In the above examples, we consider the cases for \(g<0\) representing attractive interactions between Bosons. It is straightforward to simulate the repulsive case. We consider the evolution of the summation of the two initial Gaussians given by \(U(x,y,{{0}})=U_+(x,y)+U_-(x,y)\) under the zero potential \(V=0\), where

$$\begin{aligned} U_{\pm }(x,y) \frac{1}{\sqrt{2\pi \sigma ^{2}}} \exp \left( -\frac{(x - x_{\pm })^2+(y - y_{\pm })^2}{4\sigma ^2} \right) \exp \left( \frac{ip_{\pm } \cdot {\mathbf {x}}}{\hbar } \right) \end{aligned}$$

with \((x_{\pm },y_{\pm })=\pm (1.3,1.5)\), \(\hbar =1/256\), and \(\sigma =0.15\). Once again, we assign \(p_{\pm }=\mp (1,1)\). In this simulation, we consider various positive values of g and measure the corresponding change in the scattering distance at the time \(t=2\). Figure 15 shows that the scattering distance is roughly linear in the magnitude of g.

Fig. 15
figure 15

(Section 4.2.5 Scattering distance against g) The scattering distance computed with different value of g’s. We take \(\hbar =1/256\), \(T=2\) and \(\epsilon =0.3\)

Fig. 16
figure 16

(Section 4.3 with the parabolic potential) Solutions computed with \(\hbar =1\) and \(\epsilon =1\). The position density at time a \(t=0.3\), b \(t=0.6\) and c \(t=0.9\). The real part of the wavefunction at time d \(t=0.3\), e \(t=0.6\) and f \(t=0.9\)

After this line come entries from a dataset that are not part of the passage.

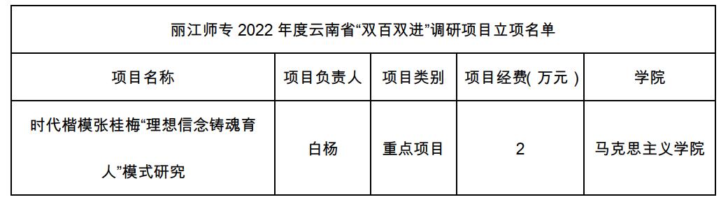 近日,收到中共云南省委宣传部通知,bat365官网推荐的《时代楷模张桂梅“理想信念铸魂育人”模式研究》项目获准2022年度云南省“双百双进”调研项目立项(具体信息见下表)。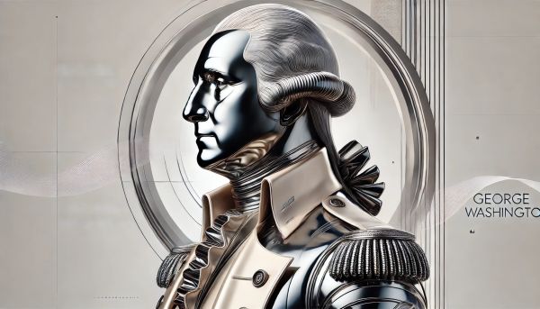 This striking digital artwork reimagines George Washington with a contemporary and futuristic twist. The former U.S. president is depicted with sleek, metallic textures that give him a robotic appearance, contrasting sharply with his historical context. The background features soft, circular patterns that highlight the central figure, emphasizing his enduring significance in American history. This piece blends traditional portraiture with modern design elements, creating a visually captivating interpretation that bridges past and future.
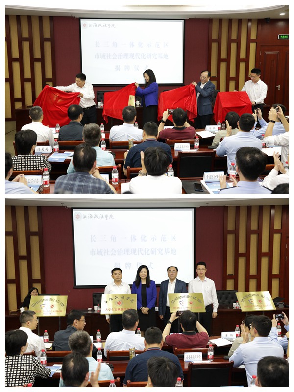 5月26日下午,长三角一体化示范区市域社会治理现代化研究基地揭牌仪式暨研讨会在我校综合研究中心107室举行。上海政法学院校长刘晓红,青浦区区委常委、政法委书记赵明,吴江区区委常委、区公安局局长李文斌,嘉善县县委副书记、政法委书记张锡锋出席并致辞,青浦区、吴江区、嘉善县政法委等单位的领导与工作人员共100余人参加会议。会议由法律学院院长侯怀霞主持。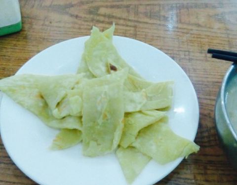 个人感觉饼有些凉了不够咸也没有那么劲道,可是和小菜辣椒酱配合起来吃,还是挺好吃的,拍照拍的碗不...
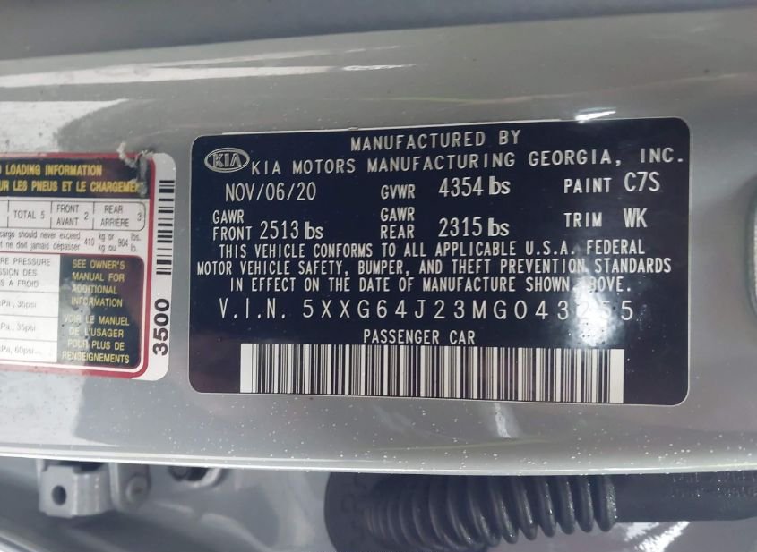 - VIN: 5XXG64J23MG043255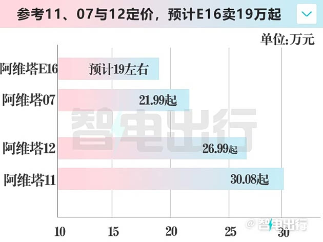 阿维塔12起售价比阿维塔11便宜3.09万,预计E16也将比阿维塔07便宜3万左右,入门版或卖19万。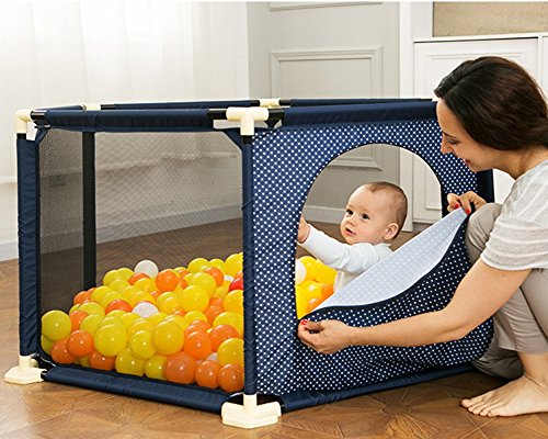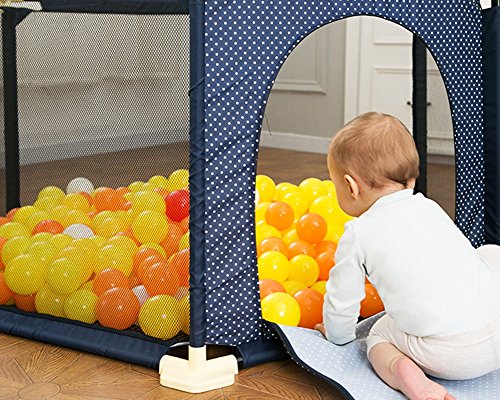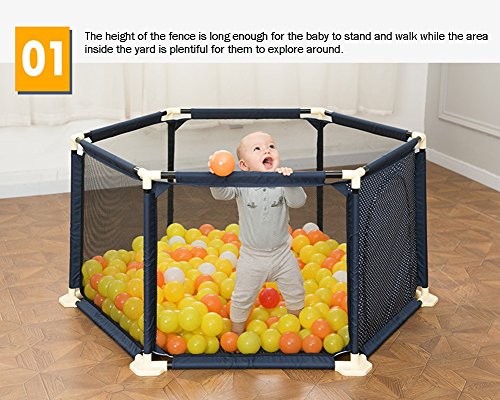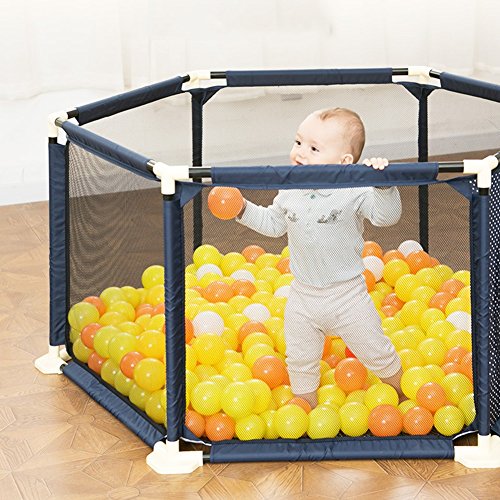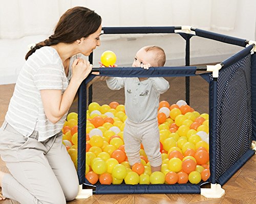 大型ポータブルベビーセーフティボール、幼児の子供たちの遊び場遊び屋内野外遊びペンゲームフェンス、ブルーファブリック、6パネル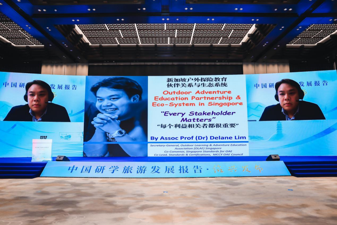 随后,新加坡户外学习与探险教育协会秘书长、新加坡文化社区与青年部部长顾问Delane Lim以在线演讲的方式做了题为《新加坡户外探险教育伙伴关系与生态系统》的主题演讲,介绍了新加坡研学旅游的实践和经验。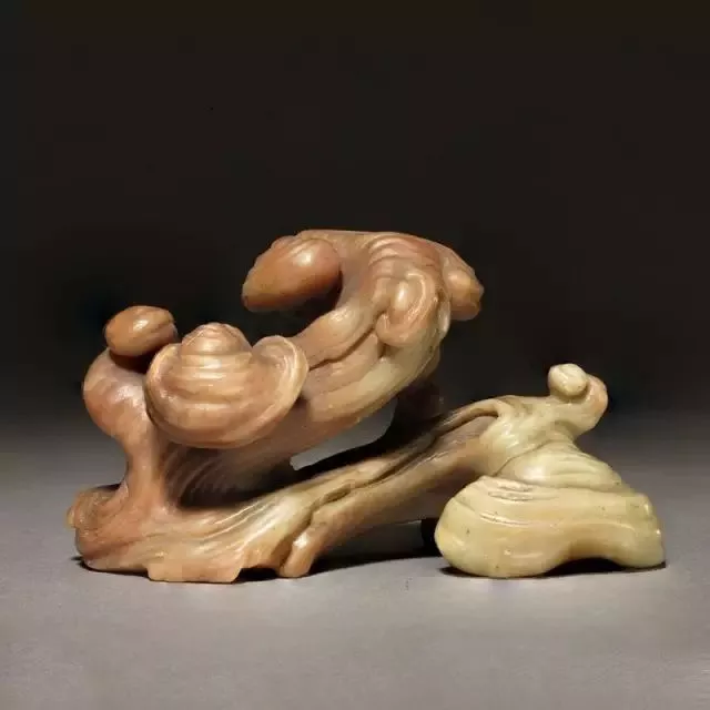 除了印玺及宗教人物外,清宫中还有用寿山石制作的文房用品、陈设品,这些形制各异、精雅玲珑的摆件,广泛陈设皇家的案头和柜桌上。寿山石雕文房用具有笔架、书镇、笔头等,陈设摆件有山子、盆景、插屏等,而寿山石丰富的色彩具有很强的装饰效果,雕出的作品堂皇而不失俗媚,艳丽而不失秀雅,符合宫廷审美意趣,因而被广泛使用。
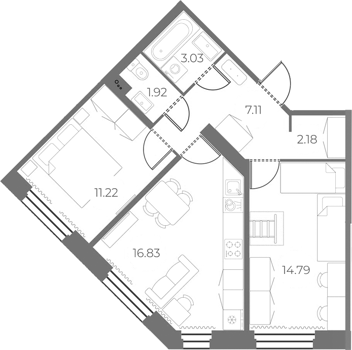 Площадь от 43.03 м2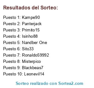 Lista de participantes: Kampe90, Panterjack, Leonevil14, Ronaldo59992, Blackbeas7, Isinho88, Sito33, Misterpico, Nandber One, Primito15.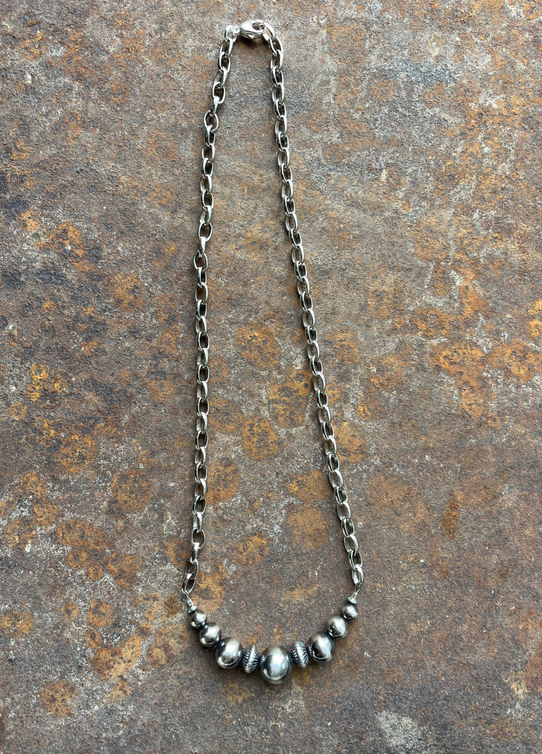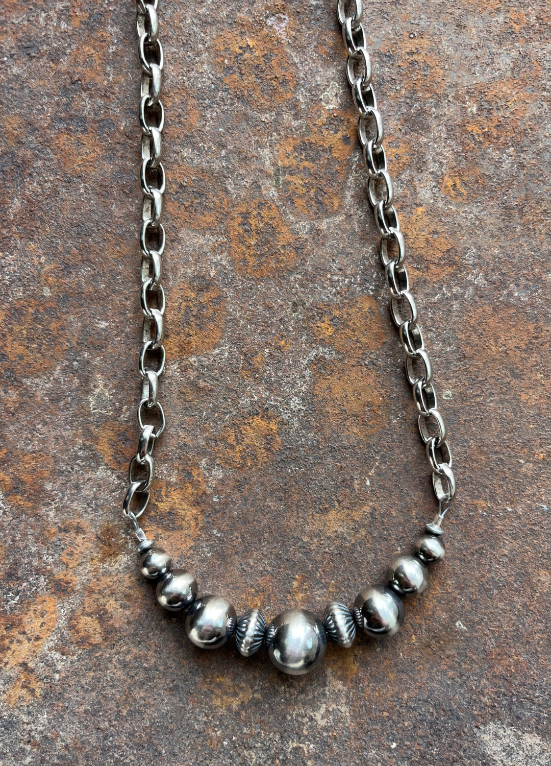 This bar necklace packs plenty of punch, detail, and texture. It graduates from 6mm to 12mm navajo pearls accented with 8mm corrugated saucer navajo pearls. Hangs at 16"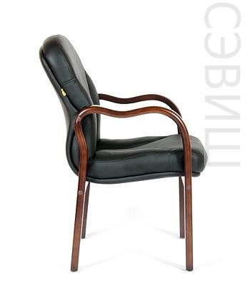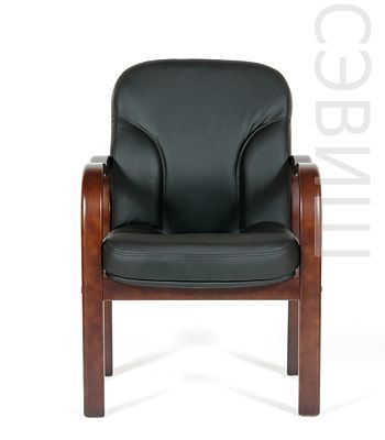 Данная модель отличается простой конструкцией и стильным дизайном. Внешним видом изделие большо походит на стул повышенной комфортабельности. Конструкция имеет четыре ножки и два подлокотника из дерева. Сиденье, оборудованное спинкой, выполнено из натуральной кожи, которая долгое время сохраняет свою привлекательность и целостность. Кресло подходит для приемных и переговорных комнат.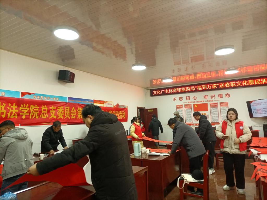 为积极引导全体师生向党靠近,以实际行动参与文化传承和文化扶贫工作,beat365书法学院的学生志愿者联合新乐市文广新局,分别于2024年1月31日,2月2日、3日在邯邰、信誉楼、马头铺开展了一次为社区居民送上手写春联的活动,将新春的祝福传递到千家万户。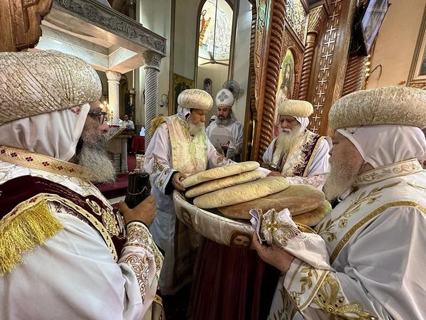 وصلى الأنبا باخوم مطران الإيبارشية القداس الإلهي، في كنيسة الشهيد مار جرجس بسوهاج -مقر المطرانية- بينما تولى خدمة القداس، الأنبا بسادة مطران إخميم وساقلتة بمشاركة صاحبي النيافة الأنبا أولوجيوس أسقف ورئيس دير القديس الأنبا شنودة رئيس المتوحدين بسوهاج، والأنبا متاؤس أسقف ورئيس دير السيدة العذراء بجبل إخميم، ومجمع كهنة إيبارشية سوهاج والإيبارشيات المجاورة، وخورس الشمامسة، بينما امتلأت الكنيسة بشعب الإيبارشية.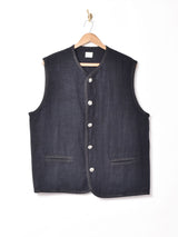 シャツやTシャツなどにさっと重ねられる手軽さが魅力のチロルベスト。内ポケット付きで、程よい厚みのコットンリネン素材です。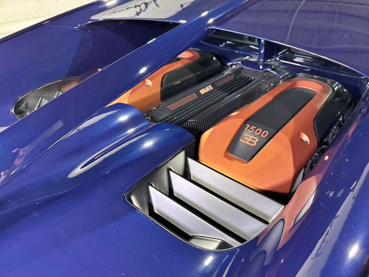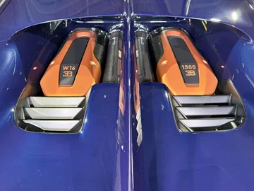 El motor es el mismo que lleva el Chiron estándar: un gigantesco W16 de 8.0 litros con cuatro turbos que entrega 1.496 CV (1.100 kW) y 1.600 Nm de par motor. Pero en esta versión se prioriza el rendimiento en circuito por encima de la velocidad punta, por eso la velocidad máxima está limitada electrónicamente a solamente 350 km/h.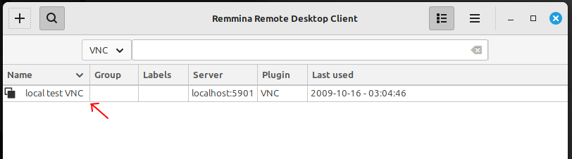 Still on our client machine, we open Remmina and add a VNC connection, this time at port 3309 and with no user/password. You can also set the depth to 16 to match our server (which we'll setup later).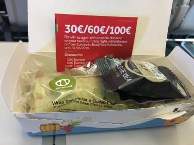 ポルトガル~ローマで利用しましたが、軽食が出ます。美味しいです。
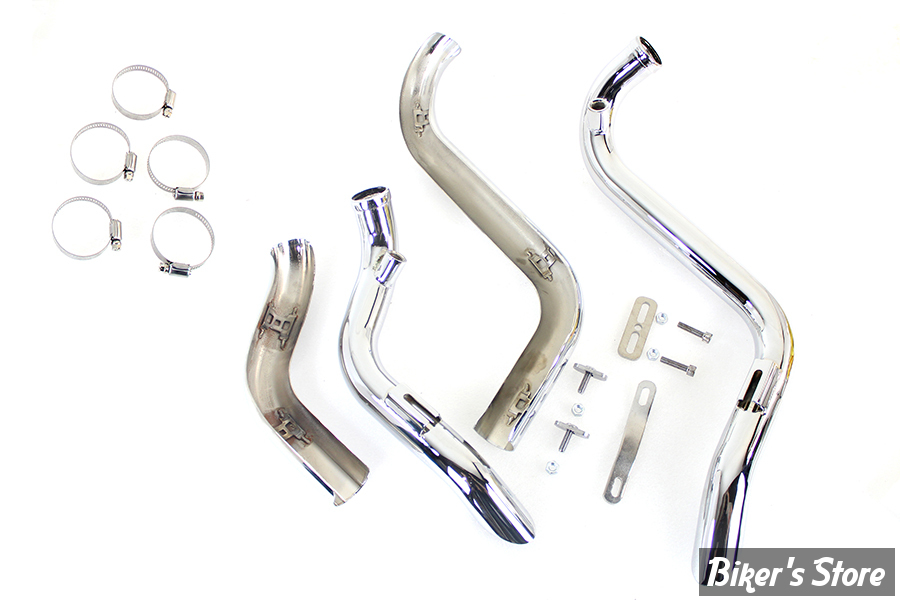 Straight down drag pipe set is black and features slash cut ends with heat shields included.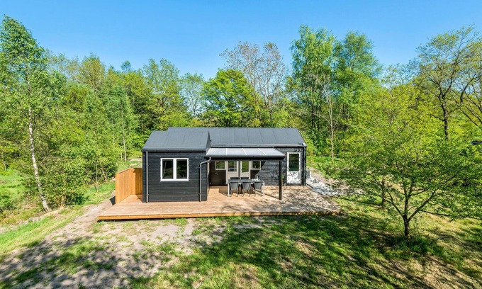 Located in the middle of Jutland, your compact vacation home welcomes you to a peaceful vacation far away from everyday life at home. The house impresses with its cozy and inviting atmosphere and stylish furnishings. The exterior is in classic vacation home black. In the morning, prepare a delicious breakfast for the whole family in the spacious, open kitchen and then enjoy the comfortable seating in the living area while enjoying activities together.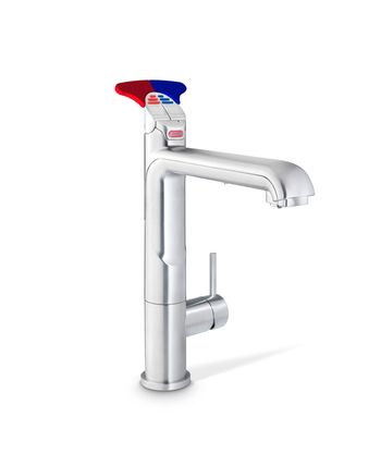 Zip HydroTap Classic All-in-One Boiling, Chilled, Filtered water plus Hot and Cold washing up water from a single tap (cold water supply required). The filtered water tap has large brightly coloured Braille lever handles. The system features a single under bench command centre including full colour interactive touch screen display with pin code protection and customisable settings including 2 boiling water safety modes, 3 energy saving modes including ON/OFF timers and sensor activated 'sleep when it's dark', 'Quiet' mode with automated intelligent fan speed adjustment, antimicrobial protection impregnated into key water paths for enhanced hygiene, 100% water efficient air cooled technology, and 0.2 micron water filtration. Easy to install integrated ventilation tray included.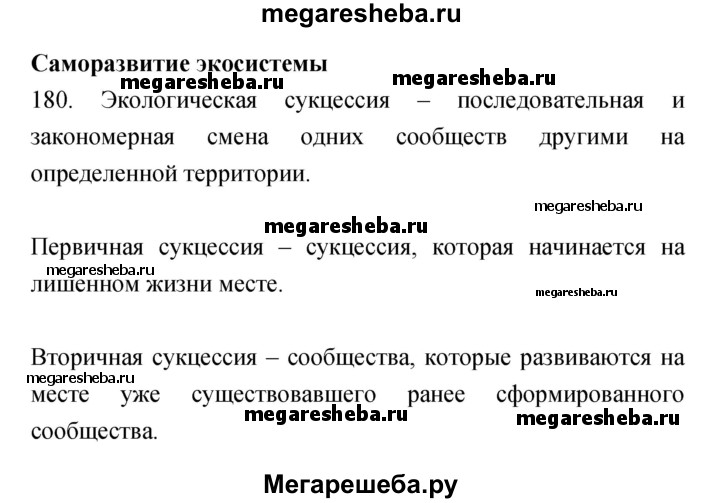 Подробный решебник (ГДЗ) по Биологии за 9 (девятый) класс рабочая тетрадь - готовый ответ номер - 180. Авторы учебника: Пасечник, Швецов. Издательство: Дрофа 2019.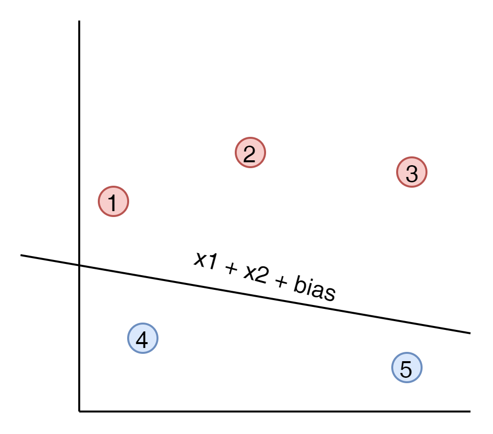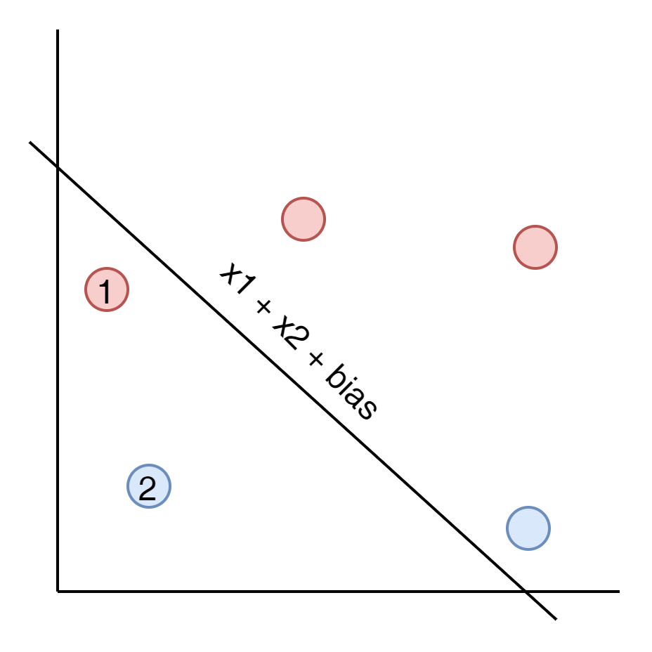 분리된 선을 기준으로 아래쪽을 파란영역 위 쪽을 붉은 영역이라고 보면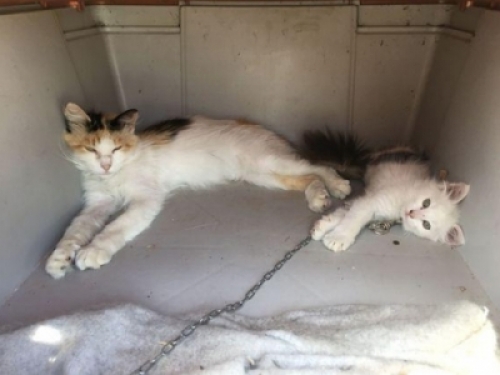 拴著小貓咪的地方,太陽從早晒到晚 ,特別熱,當時大夏天,六月實在殘忍,遮陰的地方是我以前買的狗窩,可那是塑料的,特別悶~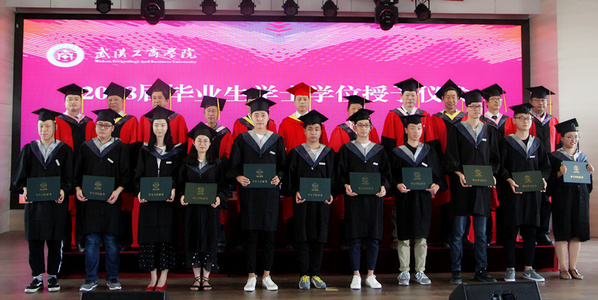 最后,学校学士学位评定委员会全体成员为获得学士学位的毕业生代表一一拨穗,授予学位并合影留念。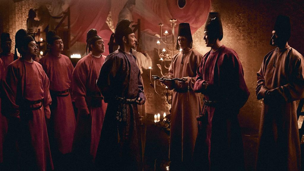 摄影团队则将中国传统绘画“散点透视”的技法运用到画面中——并不以常见的广角镜头展示长安的磅礴气势,而是使用长焦镜头展现建筑、环境和人物的关系,达到留白的效果。比如影片中李善德为获得批文来回奔波,小小的身影与偌大的皇城形成鲜明对比,高耸的建筑衬托出李善德的“微不足道”。

4.3 Three-Dimensional Examples

In this section, we consider some three-dimensional examples. Extending those corresponding examples in the one- and two-dimensional cases, we consider the evolution of the initial Gaussian

$$\begin{aligned} U(x,y,z,{{0}})=\frac{1}{(2\pi )^{3/4}\sigma ^{3/2}} \exp \left( -\frac{x^2+y^2+z^2}{4\sigma ^2} \right) \end{aligned}$$

with \(\sigma =0.1\) under the parabolic potential \(V=\frac{1}{2} \left( x^2+y^2+z^2 \right) \), where the constant \(g=-1\). We discretize the computational domain \([-1.5,1.5]^3\) using the mesh with \(N=2^7+1\). The support of the Gaussian kernel in the nonlocal potential is chosen so that \(\epsilon =1\). Since \(2.5\varDelta x\) is approximately 0.0585, our mesh can well-resolve the kernel in the computation. The numerical solution at the final time \(T=0.3\) is given in Fig. 16. Our proposed Strang’s operator splitting method has marched 27 iterations to reach the final time T and it has taken approximately 222.01s. For each time iteration, the approach needs 8.22259s. Since the total number of grid points is different from the one- and two-dimensional cases, it is difficult to have a direct comparison with respect to the computational time. Instead, we repeated the test with \(N=2^6+1\). This test now took 14 iterations to reach the final time. The total computational time is reduced to 9.422 s which amounts to 0.673 s per iteration. This matches roughly with the complexity \(O(N^3\log N)\) per iteration.

We have also considered a moving Gaussian, where the potential is given by the Gaussian \(V=\exp \left[ -{r^2}/{(2\sigma _{v}^2)} \right] ,\) where \(r=\sqrt{x^2+y^2+z^2}\) and \(\sigma _{v}=0.1\). The initial condition is given by a moving Gaussian packet along the (1, 1, 1) direction with the magnitude of the momentum given by 0.5. Our numerical solutions up to the final time \(T=1.3\) are given in Fig. 17. The complex nonlocal self-interaction of the packet with the Gaussian hump is clearly observed.

Fig. 17
figure 17

(Section 4.3 moving Gaussian with the Gaussian potential) Solutions computed with \(\hbar =1/64\) and \(\epsilon =0.6\). The position density at time a \(t=0.7\), b \(t=1\) and c \(t=1.3\). The real part of the wavefunctions at time d \(t=0.7\), e \(t=1\) and f \(t=1.3\)

5 Conclusion

In this paper, we have developed an efficient numerical method for solving a class of nonlinear Schrödinger equation involving nonlocal interactions of wave functions. The idea is to apply the operator splitting step to construct the nonlocal potential using the FFT and then integrate the numerical potential with the FHSM developed in [23]. The resulting numerical algorithm can take a large time step in the simulation and, therefore, is ideal for long time simulations of a nonlinear system.

The datasets generated during and/or analysed during the current study are available from the corresponding author upon a reasonable request.